IFMI REPORTS FOURTH QUARTER AND FULL YEAR 2011 FINANCIAL RESULTS

Board Declares Dividend of $0.02 per Share

Adjusted Operating Income Increases by $4.3 Million in Fourth Quarter from Third Quarter

Philadelphia and New York, March 6, 2012 – Institutional Financial Markets, Inc. (NYSE AMEX: IFMI), an investment firm specializing in credit-related fixed income investments, today reported financial results for the quarter and year ended December 31, 2011.

Adjusted operating income was $0.3 million, or $0.02 per diluted share, for the three months ended December 31, 2011, as compared to adjusted operating loss of $4.0 million, or $0.25 per diluted share, for the three months ended September 30, 2011, and adjusted operating income of $4.7 million, or $0.30 per diluted share, for the three months ended December 31, 2010. Adjusted operating income was $3.5 million, or $0.22 per diluted share, for the year ended December 31, 2011, as compared to $25.4 million, or $1.62 per diluted share, for the year ended December 31, 2010. Adjusted operating income (loss) is not a measure recognized under generally accepted accounting principles (“GAAP”). See Note 1 on page 2.

“We’re proud of the progress IFMI has made on its strategic growth initiatives in 2011, including the acquisition and successful integration of our PrinceRidge and JVB subsidiaries, especially considering the difficult market conditions that persisted throughout the year,” said Daniel G. Cohen, Chairman and Chief Executive Officer of IFMI. “While difficult decisions to significantly reduce our fixed expenses and overhead had to be made, we believe these actions have enhanced our competitive position and will enable us to take advantage of eventual market improvement. As we look ahead to 2012, we continue to believe we are well capitalized and staffed to advance our growth strategies and deliver enhanced value to our stockholders.”
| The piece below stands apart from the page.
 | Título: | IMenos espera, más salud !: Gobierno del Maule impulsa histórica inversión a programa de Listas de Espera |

The Company noted that, given IFMI’s financial results of the past year, Mr. Cohen and John Costas, Chairman of PrinceRidge, will not receive incentive-based compensation for 2011.
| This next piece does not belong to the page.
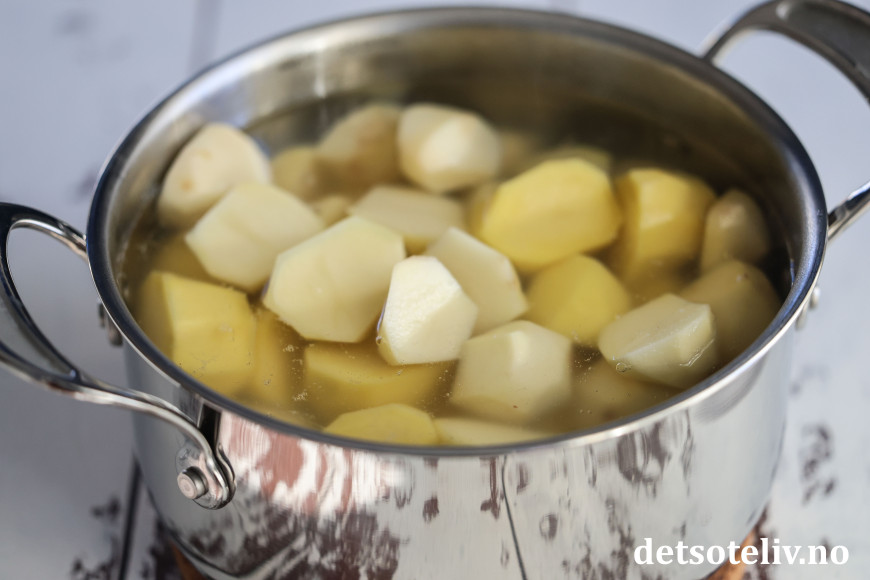 Mens kjøttgryten koker, lager du klar potetstappen: Skrell potetene og del dem opp i litt mindre biter. Ha dem i en kjele. Fyll opp kjelen med vann så vannet dekker potetbitene godt. NB! Ikke ha salt i vannet.

The current-year periods include revenue from the PrinceRidge Holdings LP and JVB Financial Holdings, LLC consolidated subsidiaries, which were acquired in 2011; however, continued weakness in the current capital markets significantly reduced the positive impact of these acquisitions. Revenue was $23.7 million for the three months ended December 31, 2011, compared to revenue of $20.9 million for the three months ended September 30, 2011, and revenue of $24.9 million for the three months ended December 31, 2010. The increase in revenue in the fourth quarter of 2011 as compared to the third quarter of 2011 was primarily due to modestly higher net trading and advisory revenue in the PrinceRidge and European capital markets operations. The fourth quarter year-over-year decrease in revenue was the result of a reduction in gains on principal transactions of $1.5 million and a reduction in asset management revenue of $1.1 million. In the fourth quarter of 2010, IFMI recognized gains on its investment in Star Asia of $2.4 million, compared to losses of $0.1 million in the fourth quarter of 2011. The year-over-year decline in quarterly asset management revenue was due to the sale of management contracts related to the Deep Value funds in mid-2011, as well as continued deterioration in assets under management in the Company’s managed collateralized debt obligations.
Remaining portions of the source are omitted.